As the author and researcher Opher Segal notes, “The Jews were expelled from the Arab world after being dispossessed of their lands about eight times the size of today’s Israel. Israel absorbed approximately 900,000 refugees from the Arab world alone. Unlike the Arab refugees, Jews did not have a U.N. commission to support them in their new country Israel. The U.N. supports the Arab refugees to this very day.”
He continues: “As a result of Israel’s victory during its War of Independence, the Arab world refused to receive and still refuse to absorb their 600,000 Arab brethren. That is the root issue until this very day. Despite Israel’s additional victories in 1956, 1967, 1973, and numerous other clashes through the years of Israel’s 75 years of independence, Arab countries did not relent.”
“Solving the Arab refugee issue must be addressed. The demand that Israel will resolve the Arab refugee issue unilaterally is simply unrealistic. The Arab refugees’ remedial methodology should be the collective responsibility of all the nations of the region and not only Israel.
“If there is to be a just resolution for Arab refugees, the playing field must be egalitarian. Each country will be required to carry some of the burden: Egypt, Jordan, Syria, Lebanon, Iraq, Iran, Kuwait, Bahrain and Oman must all share in the responsibilities of resolving the Arab refugee dilemma.
“However, the new constructs must take into consideration that there are two sides to the coin of justice. Jews who became refugees as a result of forced exile from the Arab countries number more than 900,000.
“Both refugee groups should be treated on an equal footing. A comprehensive agreement of territorial and financial compensations should be required by all parties. Quid- pro-quo!”

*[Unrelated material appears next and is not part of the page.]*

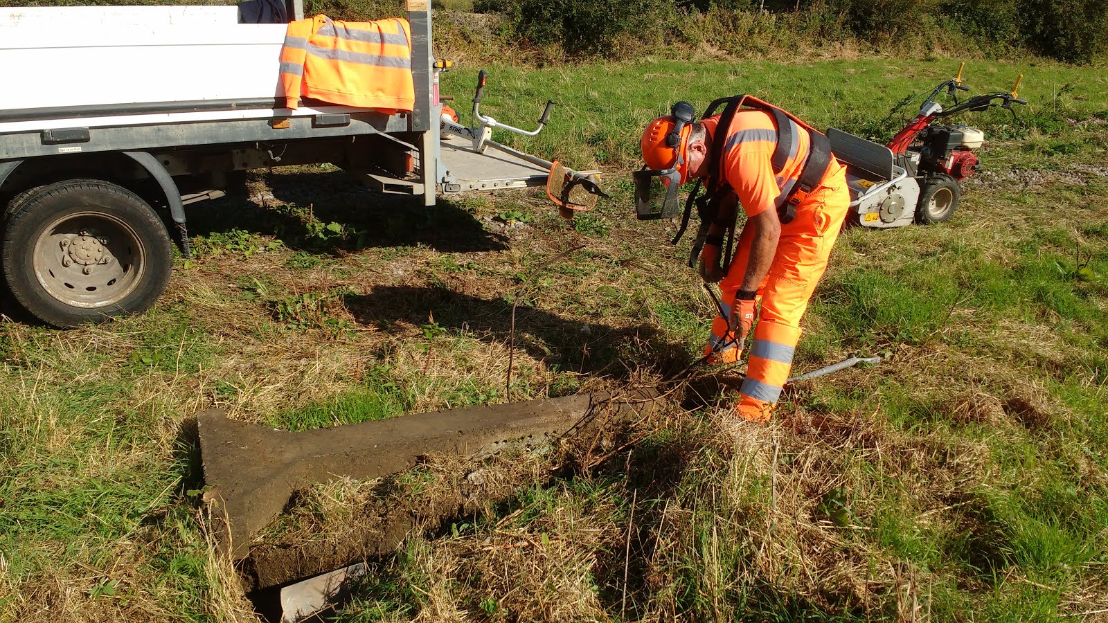 You would have thought that we would have learnt by now not to poke around when we see something. We haven't, one of the sharp eyed operatives spotted a bit of wire sticking up in the grass near the truck at lunchtime. Being good corporate citizens, we decide to pick it up, only it turned out to be a bit of rebar still attached to a rather large lump of concrete. It looks like an over-engineered end post for a wire fence, it must have had that big foot around 4ft deep in the ground when it was set upright.

It is unlikely that the Saudis or Emiratis will accept any of the Arab Muslim colonists occupying parts of Israel who falsely describe themselves as “Palestinians”, but without some sort of population transfer, the ticking population time bomb remains. As a starting point, Israel will have to neutralize Fatah, Hamas and other terrorist groups occupying parts of Israel as part of a failed plan to end the conflict through autonomous zones. It will also have to tackle the population question, without which no peace is possible.